Look for September 9th on the chart. It will be marked by a G icon. If you see any unusual fluctuations past this mark, the Helpful Content Update could be the reason.

And if that’s the case, why?

Who is targeted by the Helpful Content Update?

Google’s goal is the same as always: present the most useful and valuable content. This update merely raised the bar on what it considers valuable – or, rather, made it official.

When does content fall short?

  • It offers too little or no value. If a user isn’t satisfied after visiting a page, it clearly needs improvement.
  • It’s optimized for search engines rather than for users. On-page SEO is important, but don’t forget the human whose needs matter even more.
  • It’s made without any real expertise on the subject. If others can tell about it better or make a more compelling offer, they will definitely outrank you.
  • It’s unrelated or too loosely related to the site’s niche. Google doesn’t think that a jack of all trades is better than a master of one. When your content steps outside of your site’s specialty, Google may see it as a cheap attempt to grab more traffic from users who don’t need what you have to offer.
  • It’s automatically generated. No good level of quality can be expected from content that wasn’t made by humans. Unless that is the selling point (e.g. AI-generated Harry Potter chapters).
  • It’s just clickbait. Pretty self-explanatory. Nobody likes clickbait content.

If you have anything like that on your site, that’s what you must improve. With that in mind, what is the next step?

How to optimize your site for the Helpful Content Update

Let’s start with what you shouldn’t do: wait until you get hit by the update. You can take preemptive measures right now to soften the impact – if it comes. And if it does come, you will find it much easier to deal with.

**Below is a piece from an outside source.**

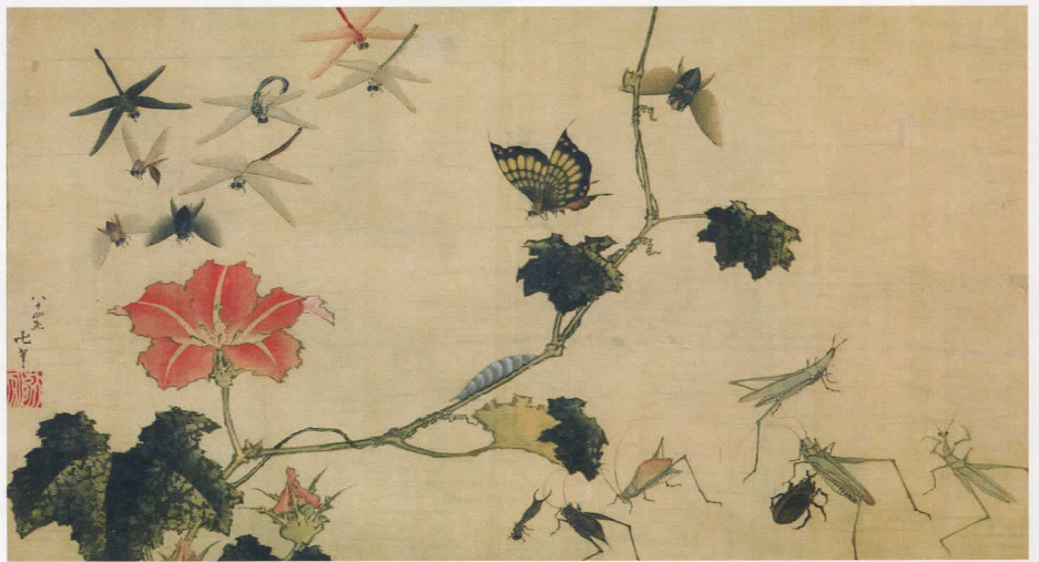
「南瓜花群虫図」 Pumpkin Blossoms and Swarm of Insects

動物 物は絵画の不朽のモチーフであり、北斎も多くの作品を残しています。その表現方法も、描かれる対象の性格を捉え、癒されるようなかわいらしい表現から、写実的な画法による思いもよらない個性的な表現まで多岐に渡ります。北斎の動物には、繊細な表情を伝えるような特徴的な目で描かれたものもあります。 本展では、北斎とその門人の描いた動物や、玩具や道具としてデザイン化された動物、物語や伝記などの文脈と共に描かれた動物や、空想の生き物など、絵画の中のさまざまな動物を紹介します。

Since the goal is to raise the quality of your site’s content, two obvious actions come to mind:

  1. Improve what you have;
  2. Delete the pages you may deem unnecessary.

But the catch is, this is a site-wide update. At the moment, there’s no telling just how much low-quality content is enough to tank your rankings. The most bothersome scenario may call for a full content revision on your site.

And if your page count is in triple digits or higher, then I can hear you groan from way over there. Do you see now why it’s better to start early?

All right, the task is to find low-quality content on your site. Where are the easiest places to look?

  • Pages with a low word count.

Google has stated they don’t have a preferred word count. However, more often than not, you will need more words rather than fewer to explore a topic well. The tricky part is bringing up the word counts for all of your pages to help you find the offenders.

If you made your site in WordPress, there are plugins for that, such as WP Word Count. Alternatively, Screaming Frog can do it.

  • Pages with low Google rankings.

These are way easier to find.

Open the Top Pages report in WebCEO and click on the Avg. position column to sort it in descending order. All your lowest ranking content will appear at the top of the table, with a delta displaying recent changes.

In other words: if a page has lost rankings after the Helpful Content Update, it might be just what you are looking for. If it isn’t, keep digging through the table and through the pages.

  • Pages with high Google rankings.

Surprise! Well, not really. Site rankings are a fluid thing, and even the best content doesn’t stay on SERP #1 forever. Your competitors are working hard to make sure of that.

Once again in the Top Pages report, sort the Avg. position column in the ascending order. Visit your top ranking pages and see if their content could be improved in any way. Most likely it can. At least you know you won’t have to delete those pages.

Wrapping up

The Helpful Content Update has only just finished rolling out. We won’t see its full effects until some time passes – weeks, or maybe months. However, Google is pretty clear about what it wants from websites and their content, and it all boils down to two simple points:

  1. Deepen your expertise;
  2. Go all out when you write.

What can you learn today? What can you do on your site today? It’s all up to you!